Bayer Schering Healthcare is being integrated faster than planned. The financial rewards are expected to be greater for the group as a whole.

Bayer said on Tuesday that it expected its underlying EBITDA (earnings before interest, tax depreciation and amortisation) margin to sales to be more than 22% in 2009 – it was 19.3% last year. The guidance for this year was raised also – to more than 20%.

While MaterialScience and CropScience are doing their bit, it is the better than expected performance of healthcare that matters.

“The strengths of all four [healthcare] divisions make Bayer HealthCare a growth engine for the entire Bayer Group,” Bayer management board chairman Werner Wenning said.

“Both the Schering acquisition and the strong performance of the consumer health business are contributing to an increased profitability,” he added.

The impact of the Schering acquisition on Bayer should not be underestimated.

Bayer has upped the expected synergy savings from combining the two drugs groups: to €800m ($107m) a year from €700m a year. It expects to achieve 80% of the synergies by the end of 2008.

Schering has given Bayer new impetus. In ethical drugs it is key to the development of a leading international business. Bayer’s drug discovery in future will focus on four areas: Oncology, cardiology, women’s healthcare and diagnostics imaging.

Pharmaceuticals research & development spending will be between 15% and 17% of the division’s sales, Bayer says. A re-evaluated new drugs pipeline has seen 20 pipeline projects cut.

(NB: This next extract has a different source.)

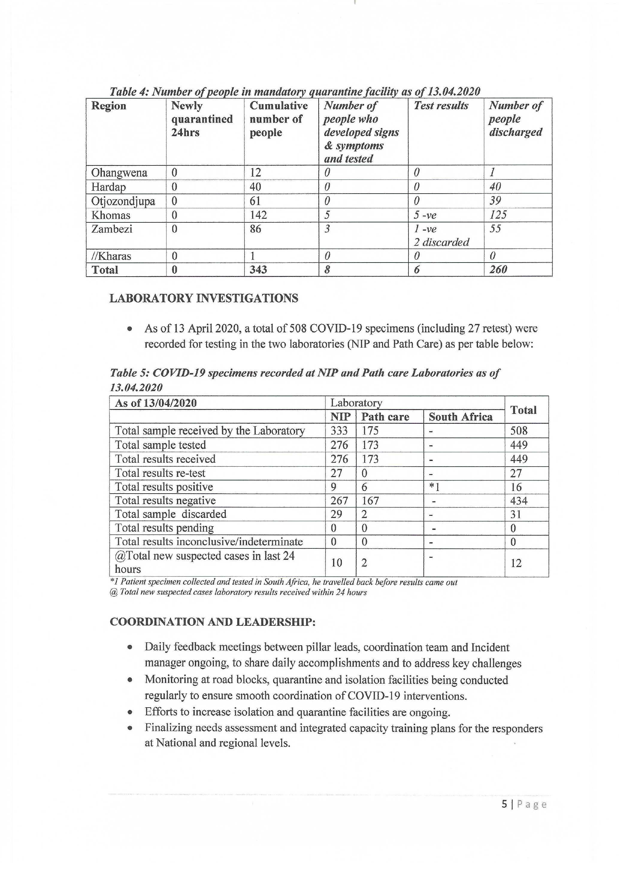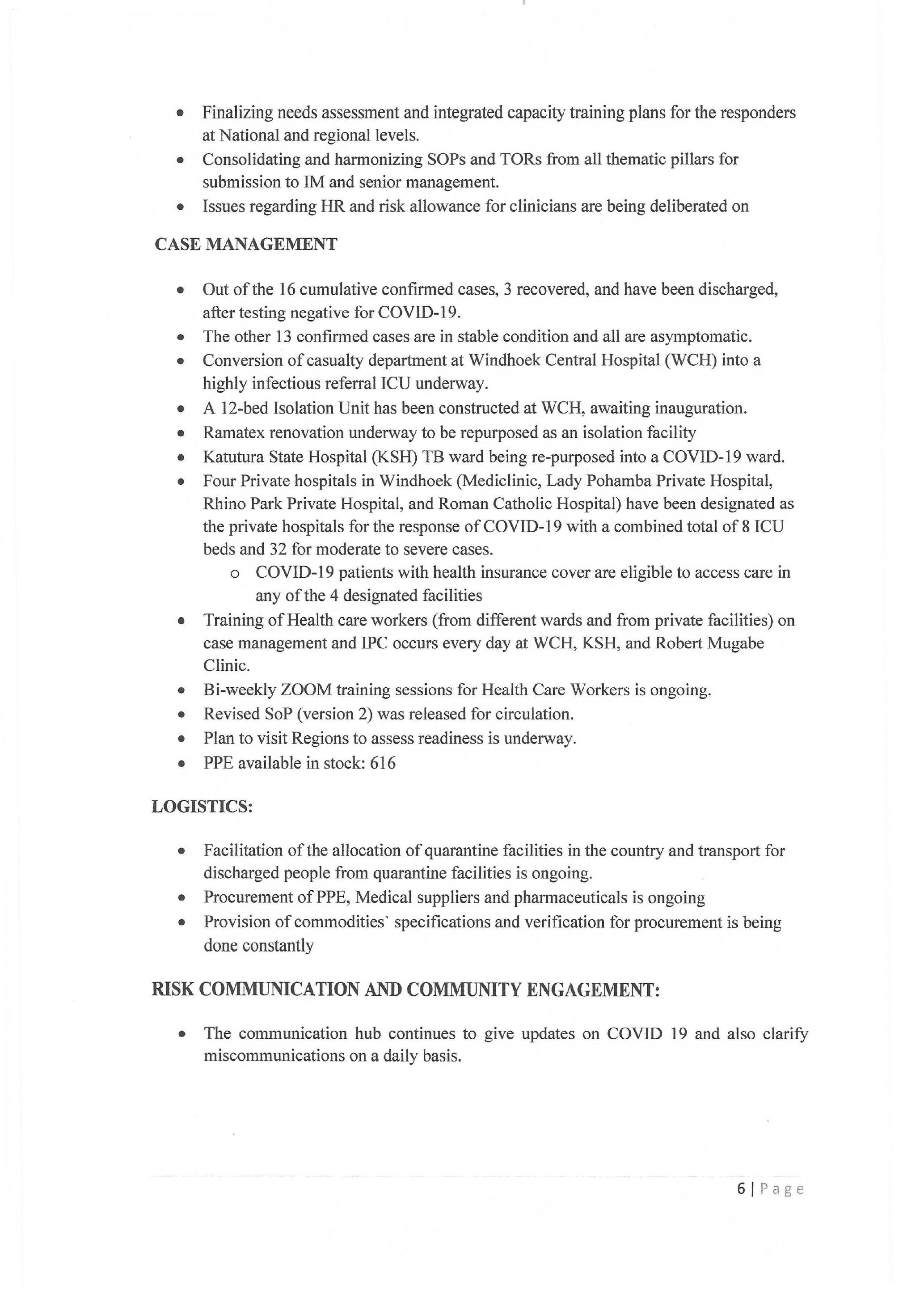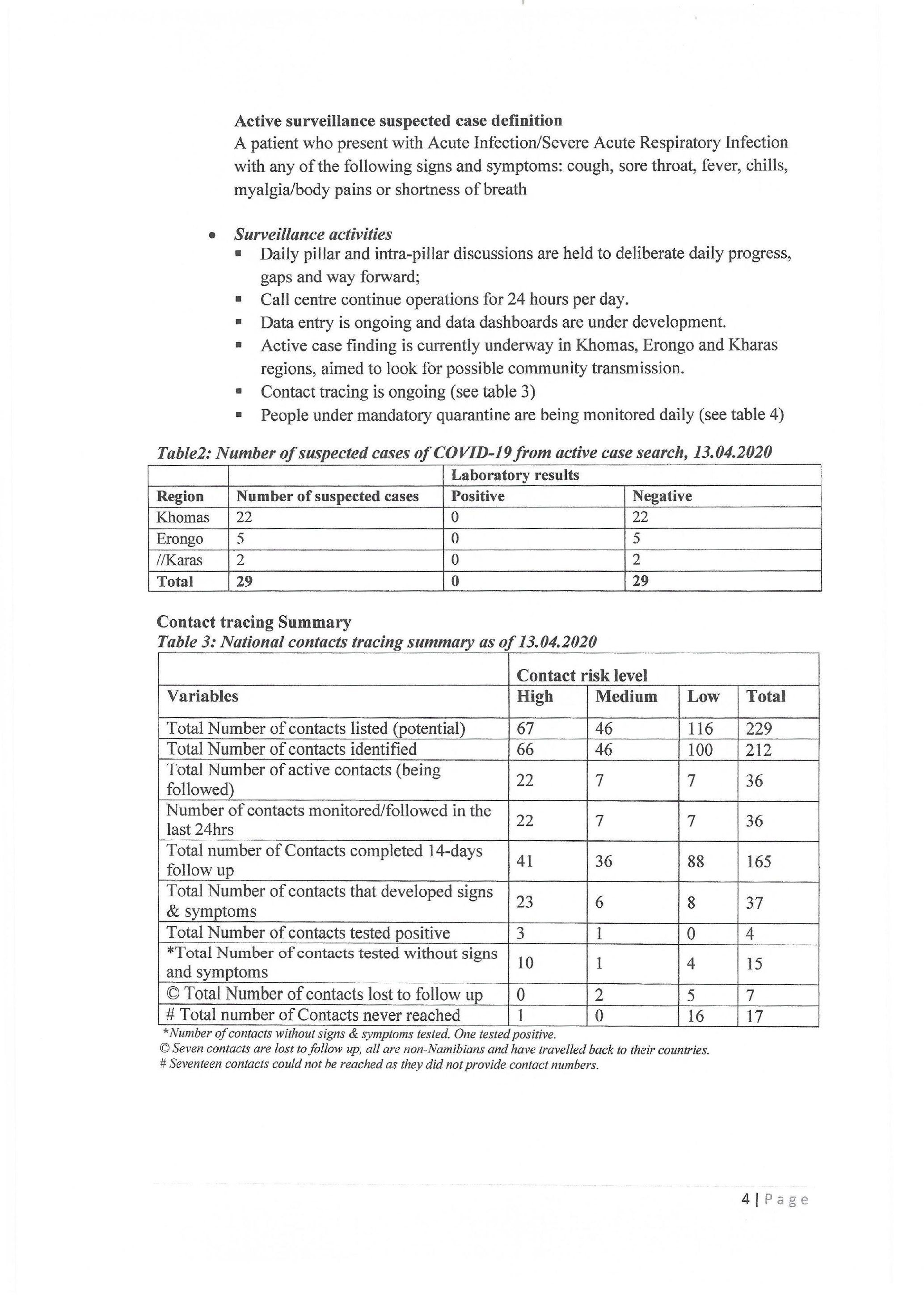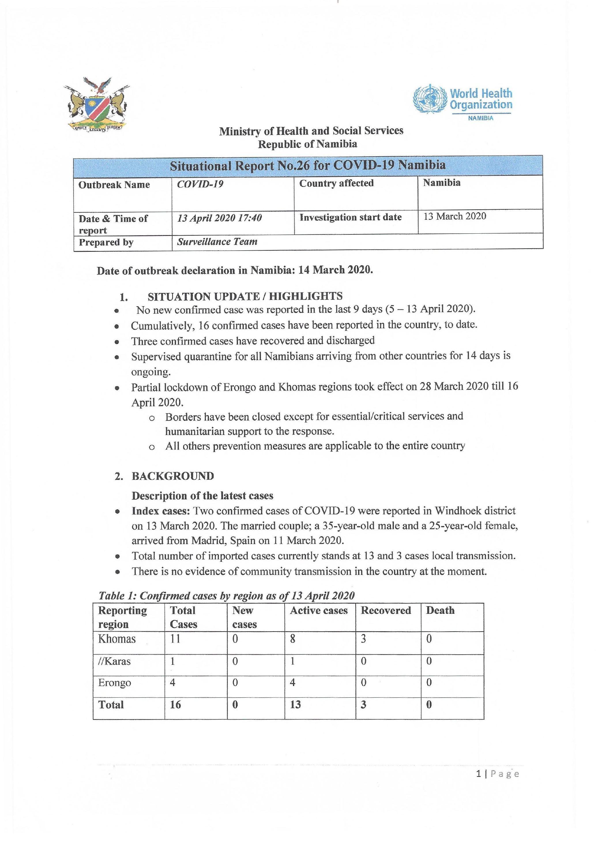 e Index cases: Two confirmed cases of COVID-19 were reported in Windhoek district

Bayer says it is currently the number two global over-the-counter consumer healthcare company. The value of its strong brands - eight of them have sales of more than €100m a year each - is the basis for future success.

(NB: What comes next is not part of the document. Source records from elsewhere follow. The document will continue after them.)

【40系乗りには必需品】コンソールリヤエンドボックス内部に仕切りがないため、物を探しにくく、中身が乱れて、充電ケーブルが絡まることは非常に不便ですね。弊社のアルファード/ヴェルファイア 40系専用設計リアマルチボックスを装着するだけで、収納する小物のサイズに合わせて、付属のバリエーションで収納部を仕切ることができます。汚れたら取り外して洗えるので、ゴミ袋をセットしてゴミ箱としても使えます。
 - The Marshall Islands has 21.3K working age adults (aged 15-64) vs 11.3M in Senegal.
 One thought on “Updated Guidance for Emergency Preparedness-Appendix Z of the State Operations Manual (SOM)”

The group has been buoyed through the difficult times in healthcare by MaterialScience but faces the inevitability of a turndown for the business.

Cyclicality was once a big issue for the pharmaceuticals, agrochemicals and chemicals conglomerate. It will be once again when MaterialScience hits more difficult times.

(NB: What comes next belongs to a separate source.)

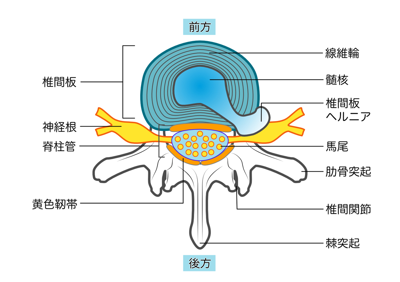 飛び出した部分が神経を圧迫すると、腰やお尻、足にかけての痛み・しびれ・力が入りにくいといった症状が出ます。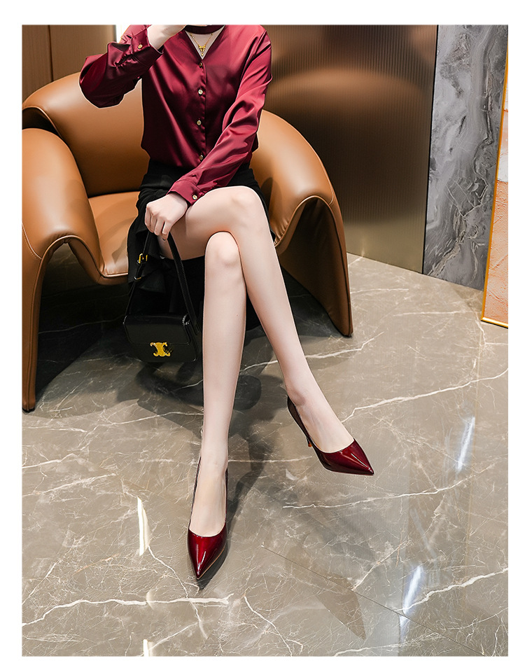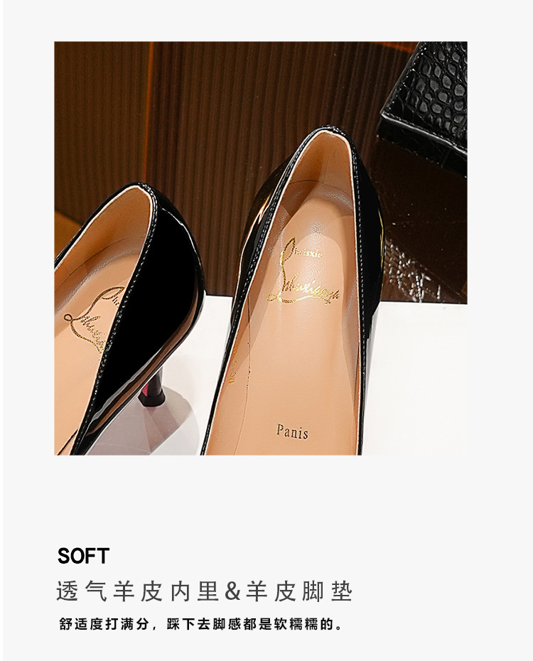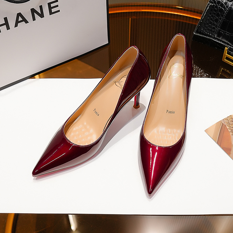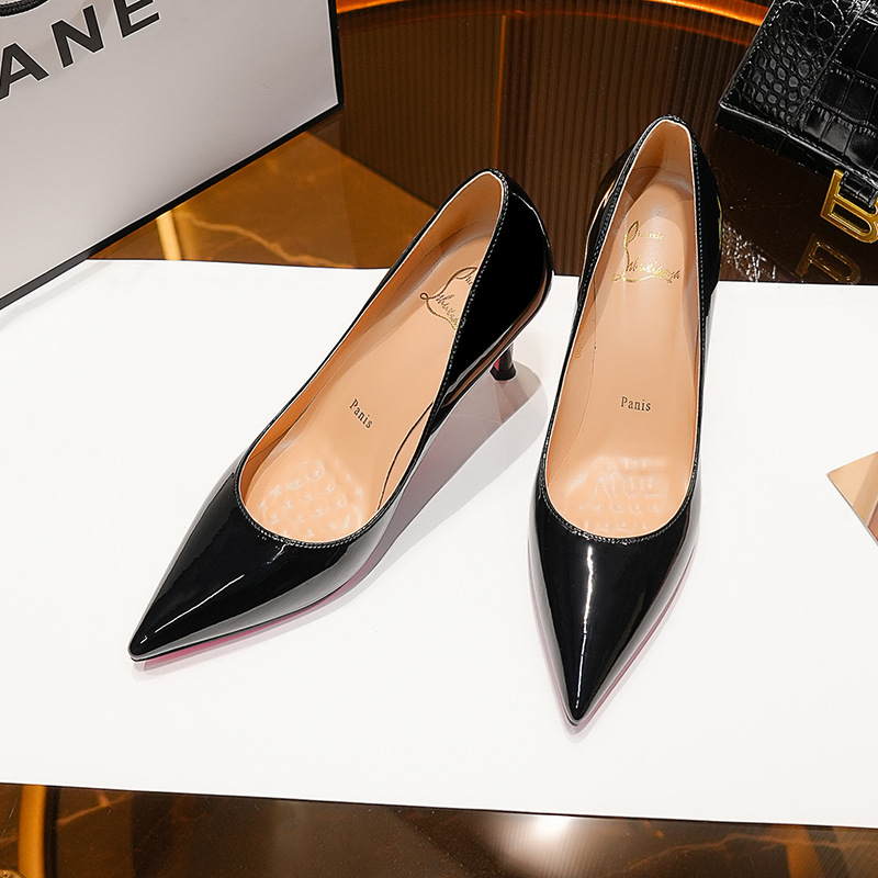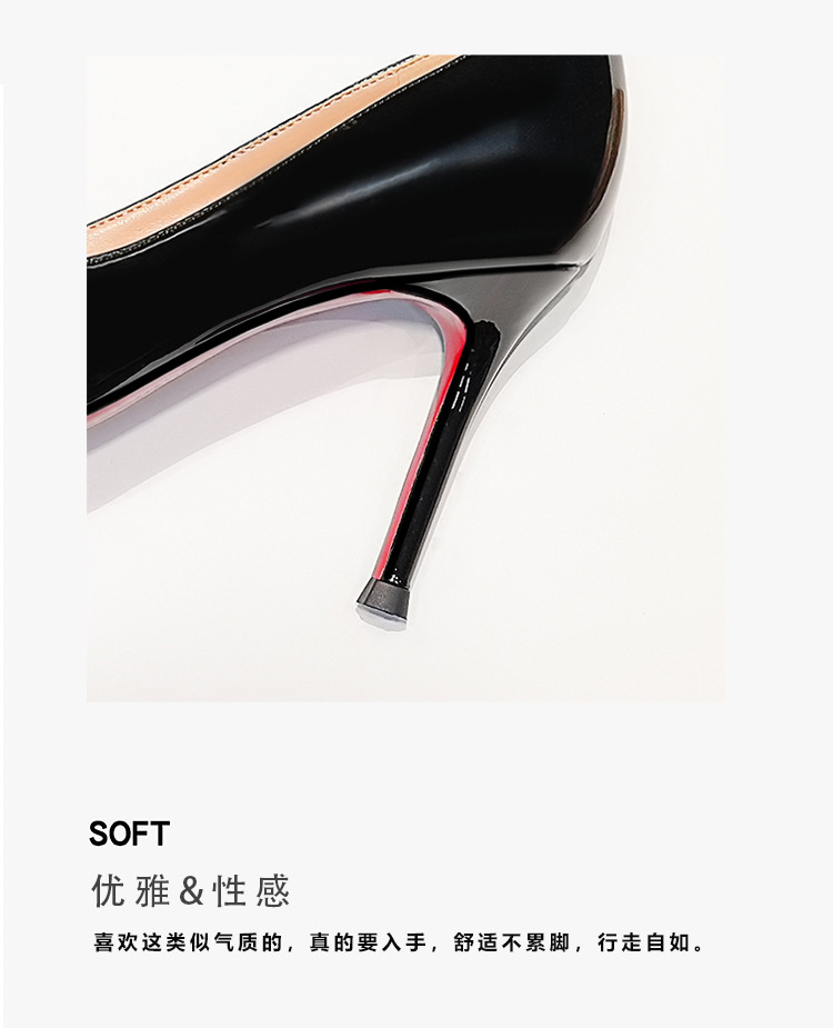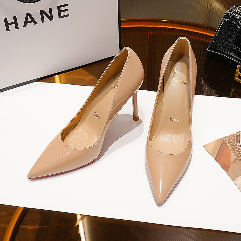 유럽과 미국의 CL 포인팅 레드 섹시 뾰족한 하이힐 사이드 빈 스틸레토 힐 싱글 신발 블랙 얕은 여성용 신발 10cm스토어 가기

It is not possible to look too far ahead in MaterialScience where raw material costs and capacity issues loom large. The company indicated back in April that it expected second quarter earnings to be flat compared with the second quarter of 2006 following a difficult start to the year.

But Bayer is as forward-looking in its materials segment as it is elsewhere.

“Innovation must be an integrated component of all corporate activities and must go clearly beyond the development of new products and applications,” Bayer MaterialScience chairman Patrick Thomas said at a news conference showcasing Bayer innovations destined for the big K plastics fair in Frankfurt this October.

“By setting up largely independent; highly specialized business entities, we can ensure a powerful customer focus while at the same time maintaining a high level of flexibility in our business decisions,” he said.

Thomas was referring to companies like the start-up LYTTRON Technology that has begun producing electroluminescent three-dimensionally formable sheets.

Another example of the customer-focused business model, Bayer says, is the expanding worldwide network of BaySystems polyurethane systems houses.

Bayer can grow with the MaterialScience businesses but it remains to be seen how difficult the company finds it to grow profitably.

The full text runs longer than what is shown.